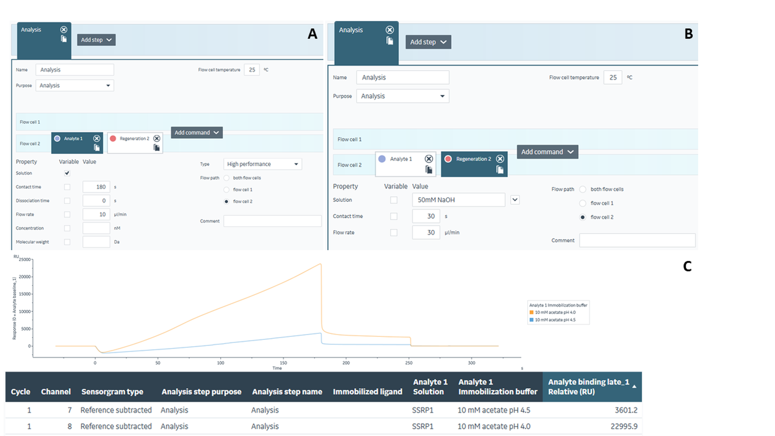具体测试方法如下:在控制软件methods一栏选择pH scouting新建预偶联实验方法,选择通道7和8作为此次实验通道,flow cell1 作为reference cell不勾选,只勾选flow cell2流过溶液(如图2A)。设置analyte-regeneration的实验程序,以10 μL/min的流速观察SSRP1分别在pH 4.0和pH 4.5的条件下,180 s内流过芯片表面的响应值。SSRP1进样结束后,用50 mM的NaOH溶液作为再生试剂,30 μL/min流速进样30 s,对芯片表面再生处理(图2B)。测试结果如下:SSRP1在pH4.0和pH4.5的条件下,预偶联量分别达到了22995.9 Ru和3601.2Ru(图2C)。SSRP1蛋白等电点较低, pH4.0的醋酸钠条件才能使芯片表面富集正电荷。因此,选择pH4.0,浓度100 μg/mL,作为此次SSRP1配体偶联条件,希望蛋白偶联量尽可能高。
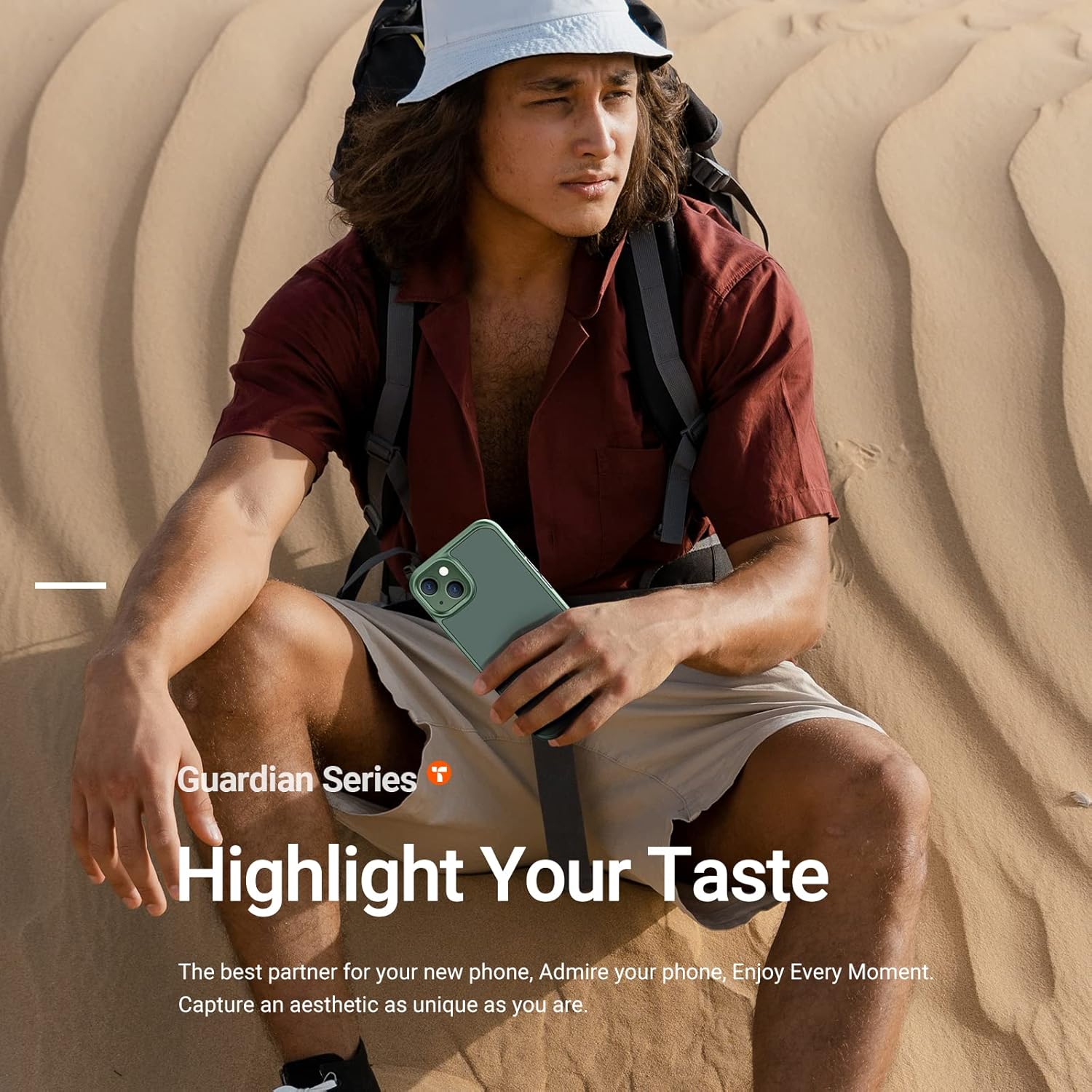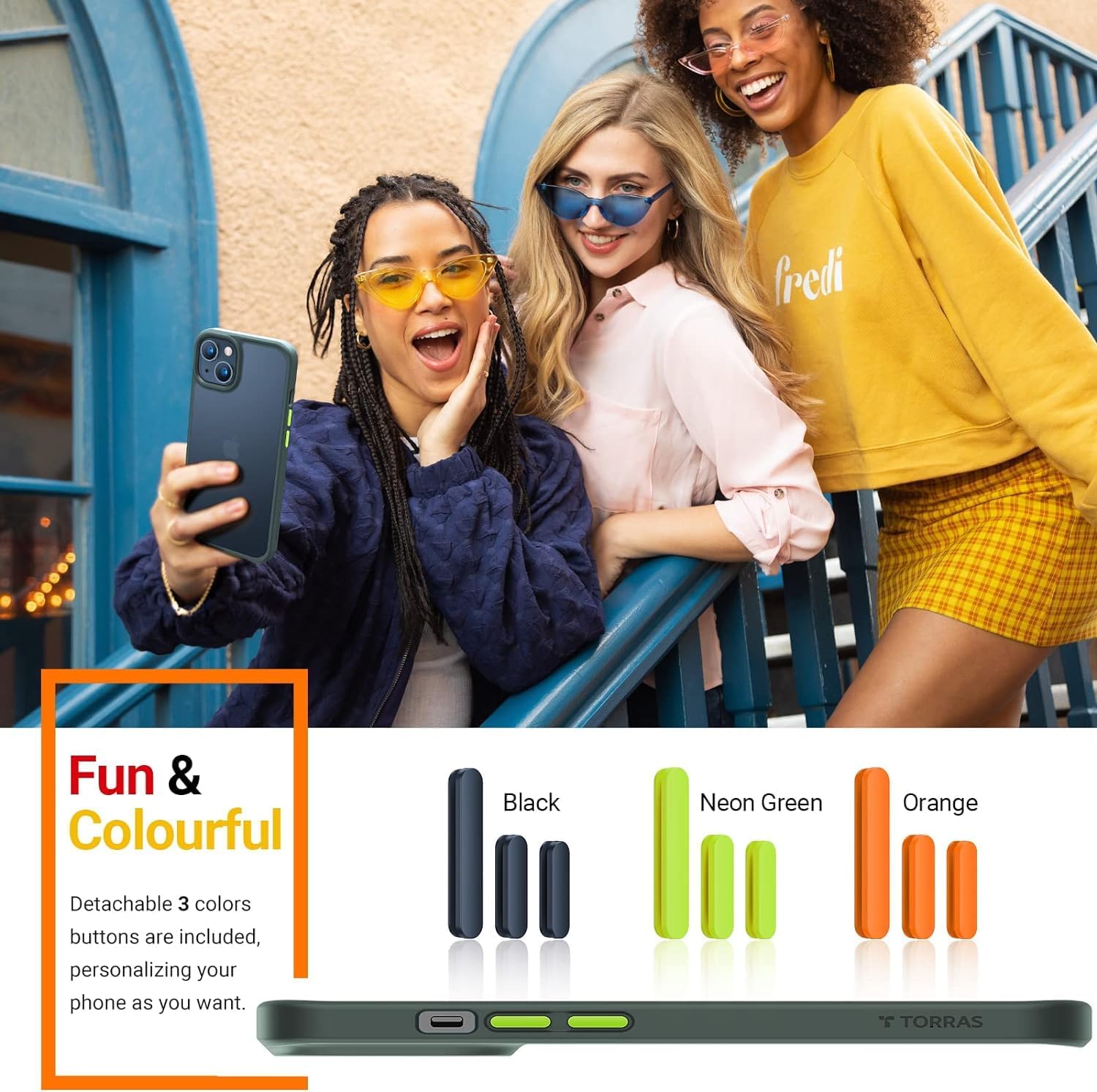 Кейс Torras за iPhone 13, истински сертифициран военен защитен кейс за iPhone 13, удароустойчив и устойчив на надраскване защитен кейс с цветни копчета, страхотно усещане и визия, серия Guardian, матово зелен
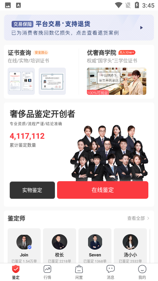 优奢易拍在线鉴定app打造靠谱的买东西平台,保护用户买到正品,告别假货;了解奢侈品行情涨幅榜,把握趋势进行购买;闲置专区佛系买卖。同时,优奢易拍拥有完善的奢侈品鉴定评估人才培养体系,每月定期举办奢侈品鉴定技术文化交流活动。参与者达300余名,遍布全国80余城市,超半数在当地拥有自己的线下实体店。
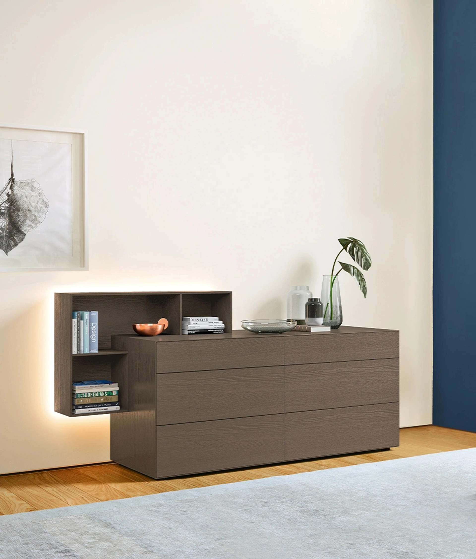 Un ricco catalogo di mobili con cassetti Sangiacomo: i comodini design in legno, come Domino Componibile Comò, sono tra le soluzioni più esclusive.
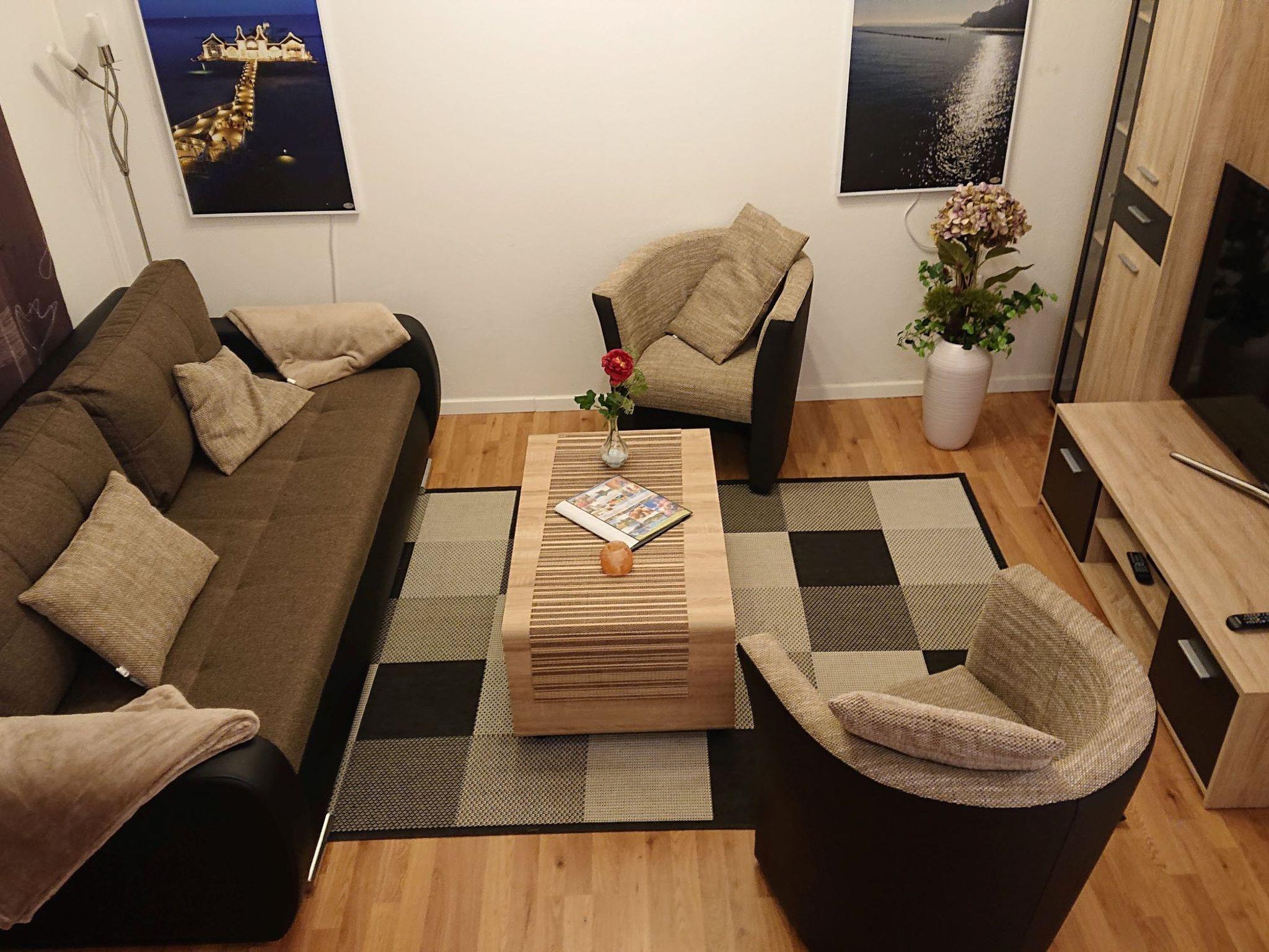 2-Zimmer-Ferienhaus für bis zu 4 Personen (in Ausnahmen auch für 6 Personen - nach Rücksprache), ca. 44 m², ein Schlafzimmer mit Doppelbett und Schlafgalerie, Wohn-/Schlafraum mit einem bequemen Schlafsofa, mit Kaminofen, separater Essplatz, voll ausgestatteter Küchenbereich, Diele mit Garderobe, Bad mit RegenDusche & WC, Terrasse, 50 SAT-Farb-TV und Telefon.

■ What is expected ■
Reproduce exactly, and only, the lines from the one containing "Un ricco catalogo" through the last line of the records above, both included, leaving out any pictures.

■ Task output ■
 Un ricco catalogo di mobili con cassetti Sangiacomo: i comodini design in legno, come Domino Componibile Comò, sono tra le soluzioni più esclusive.
 2-Zimmer-Ferienhaus für bis zu 4 Personen (in Ausnahmen auch für 6 Personen - nach Rücksprache), ca. 44 m², ein Schlafzimmer mit Doppelbett und Schlafgalerie, Wohn-/Schlafraum mit einem bequemen Schlafsofa, mit Kaminofen, separater Essplatz, voll ausgestatteter Küchenbereich, Diele mit Garderobe, Bad mit RegenDusche & WC, Terrasse, 50 SAT-Farb-TV und Telefon.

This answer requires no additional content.